Type is self-explanatory although this POC is restricted to only Avro, because I don't know how to parse PROTOBUF yet. (I couldn't find good examples in the confluent schema registry client either)
File is a reference to the schema file located at SCHEMA_DIRECTORY
.
Config is handled via environment variables:
SCHEMA_REGISTRY_SASL_JAAS_USERNAME
\
SCHEMA_REGISTRY_SASL_JAAS_PASSWORD
\
SCHEMA_REGISTRY_URL
(default is http://localhost:8081
)\
SCHEMA_DIRECTORY
(absolute path to directory of schema files) (default is System.getProperty("user.dir")
)
Login module is currently hardcoded to org.apache.kafka.common.security.plain.PlainLoginModule
To know if a schema needs to be updated, I am parsing the schema file and generating a diff using zjsonpatch. I chose to use zjsonpatch because it returns differences by json node rather than the entire file. For example, the content of your schema could be identical, but you could have rearranged the order of nodes. The more I think about this while I type it makes me think it's not necessary. Ultimately, this part still needs work.

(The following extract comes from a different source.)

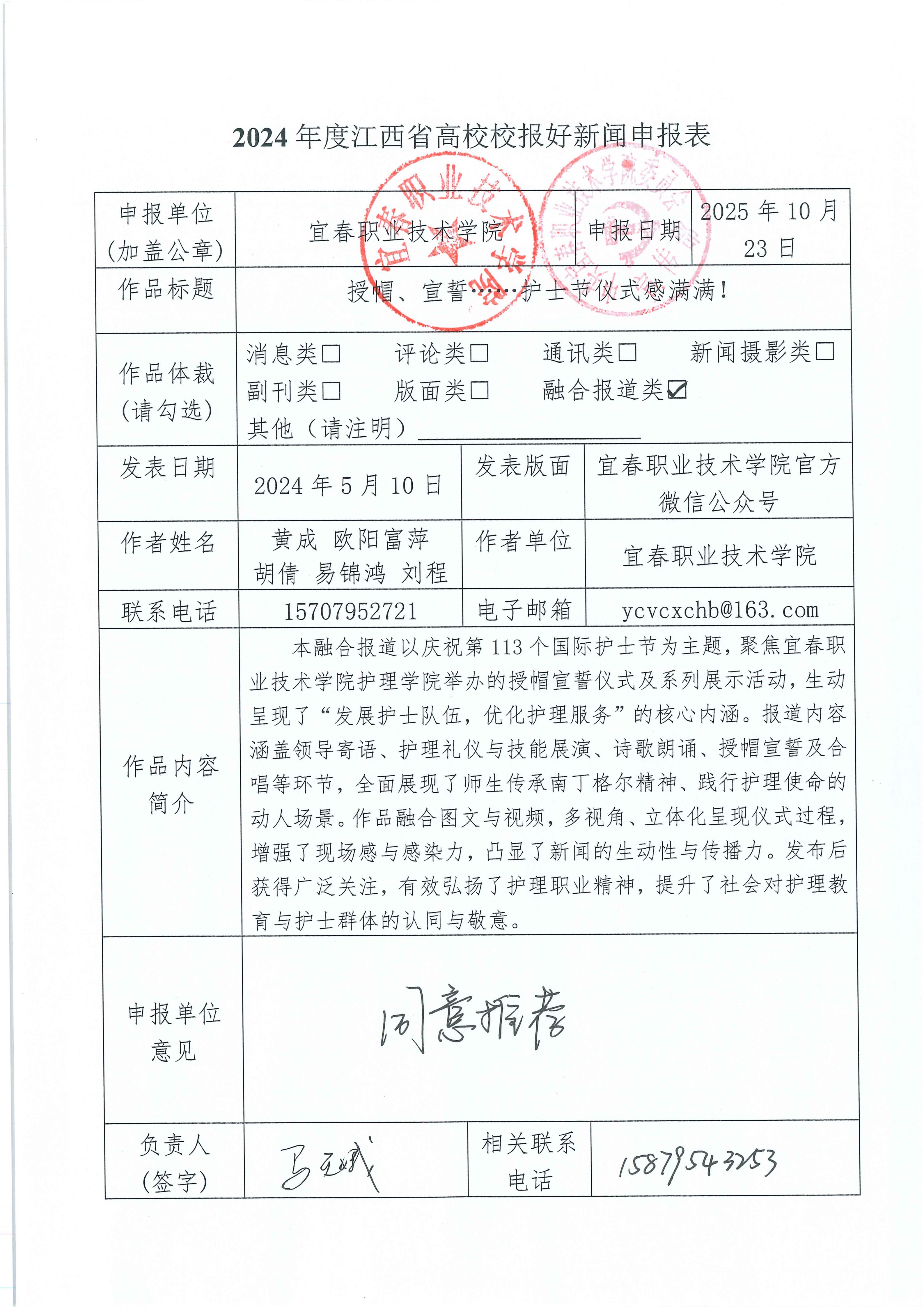 本融合报道以庆祝第113个国际护士节为主题,聚焦宜春职业技术学院护理学院举办的授帽宣誓仪式及系列展示活动,生动呈现了“发展护士队伍,优化护理服务”的核心内涵。报道内容涵盖领导寄语、护理礼仪与技能展演、诗歌朗诵、授帽宣誓及合唱等环节,全面展现了师生传承南丁格尔精神、践行护理使命的动人场景。作品融合图文与视频,多视角、立体化呈现仪式过程,增强了现场感与感染力,凸显了新闻的生动性与传播力。发布后获得广泛关注,有效弘扬了护理职业精神,提升了社会对护理教育与护士群体的认同与敬意。

Schema Registry allows us to soft-delete and permanently delete. I think we would want to always permanently delete since we want our state file to represent exactly what is deployed. This is how my code currently works. I believe this also deletes all versions.

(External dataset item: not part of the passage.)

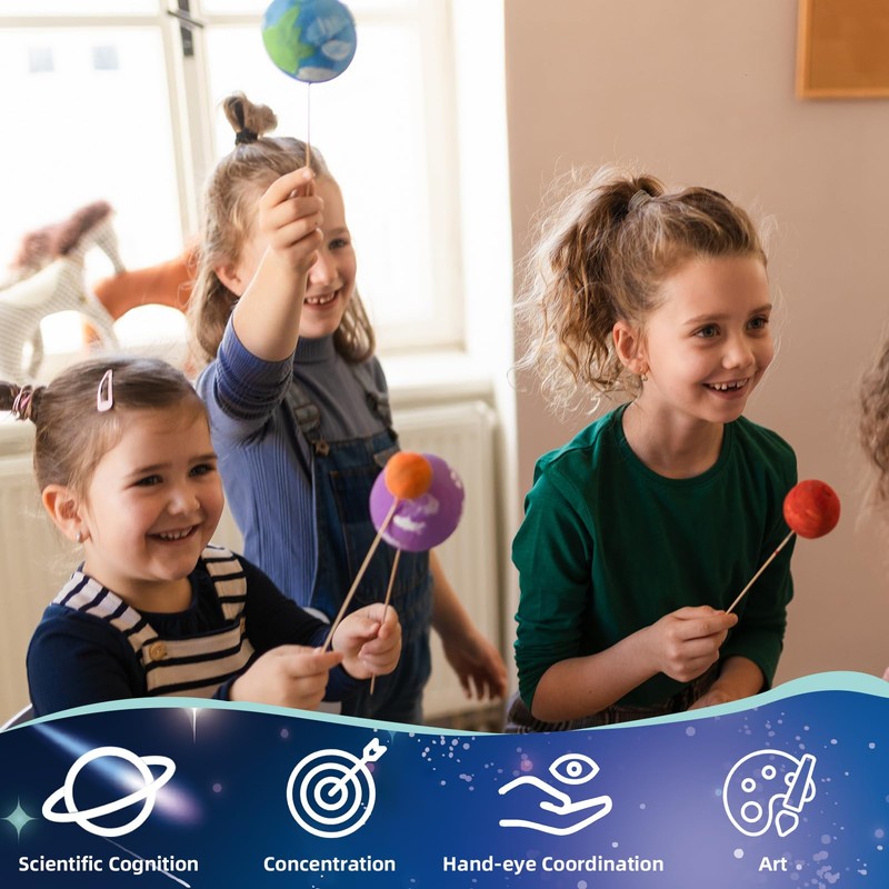 - Learning by PlayingThe solar system project kit helps kids build skills through fun. Creating planets not only improves kids hand-eye coordination and focus, but also boosts their scientific knowledge and artistic skills.
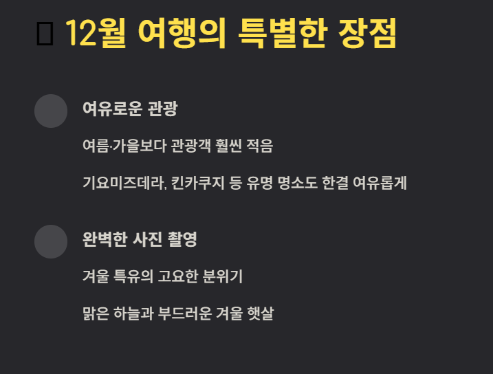 12월은 여름이나 가을보다 관광객이 훨씬 적어 유명 명소(예: 기요미즈데라, 킨카쿠지)도 한결 여유롭게 즐길 수 있습니다. 겨울 특유의 고요한 분위기와 맑은 하늘이 사진 찍기에 아주 좋다는 여행 후기들이 많습니다.

For validating schemas I did more than just validate the yaml is valid. I check that the schema file exists at SCHEMA_DIRECTORY
and I use methods from Confluent's Schema Registry Client to validate that the Avro schemas can be parsed. As a result of this, when you validate a schema with references it will actually make a call to your schema registry to validate that the schema you want to reference exists. This may go too far for validation. Just need some input.
Nice. Avro is a very good start. Just make sure that this also will work against schema registry in confluent cloud. When can we start testing? :)
Dear @Twb3,
This seems really promising thanks !
Yes Avro is a good start and the final goal would be to support: Thrift, Protocol Buffers, and JSON Schema. You say that you use the Confluent's Schema Registry Client to validate that the Avro schemas, so I think that this library would be capable of validate the other types isn't it ?

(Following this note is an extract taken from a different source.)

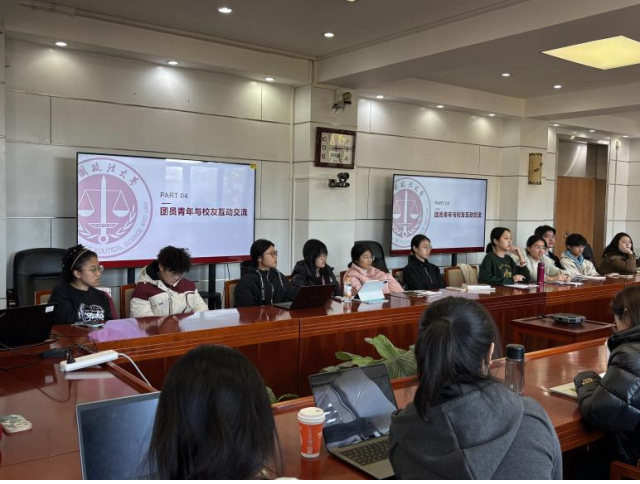 为深入学习贯彻习近平总书记考察中国政法大学重要讲话精神和党的二十届四中全会精神,引导全体团员青年深学细悟习近平总书记重要讲话的核心要义与全会精神,自觉将思想和行动统一到党中央决策部署上来,2025年11月17日,国际法学院2502班团支部于主楼五层会议室举行“牢记殷切嘱托 勇担法治使命”主题团日活动。国际法学院本科2025级辅导员关舒丹、辅导员助理盛燕琦,民商经济法学院1502班校友张辰辰、冯建达,以及团支部全体团员青年一同参加了活动。活动由团支部书记程程主持。

Concerning config, I could contribute with Kerberos as I will need it :-)
Best, Jerome
@Twb3 How is this feat going? Is it something that is stable enough to start using? I am very eager to have this as soon as possible.
Hi @Twb3 @HSA72 @devshawn ,
I don't know if you were aware of this: https://github.com/domnikl/schema-registry-gitops
There is one thing which is complicated for me to answer which is: how to deal with schema ids and versions ? Indeed, those IDs are generated server side and are used by the Kafka clients to identify the good schema. This means that there is no way to ensure the a schema will have the good ID/version and therefore, kafka-gitops cannot be the source of trust for this isn't it ?
As promised, you can find more than a POC implementation in #76 !
Please comment, improve etc...
@HSA72 I apologize for not following up on this sooner. I have not had the opportunity recently to dedicate time to this feature.
@jrevillard Thanks for posting that link to the schema registry gitops implementation! Looks promising.
As promised, you can find more than a POC implementation in #76 !
Please comment, improve etc...
Nice I will take a look!
@jrevillard I wasn't aware of that project - pretty nice. I still like our approach of putting it into this tool. Maybe their owner would like to help contribute as well?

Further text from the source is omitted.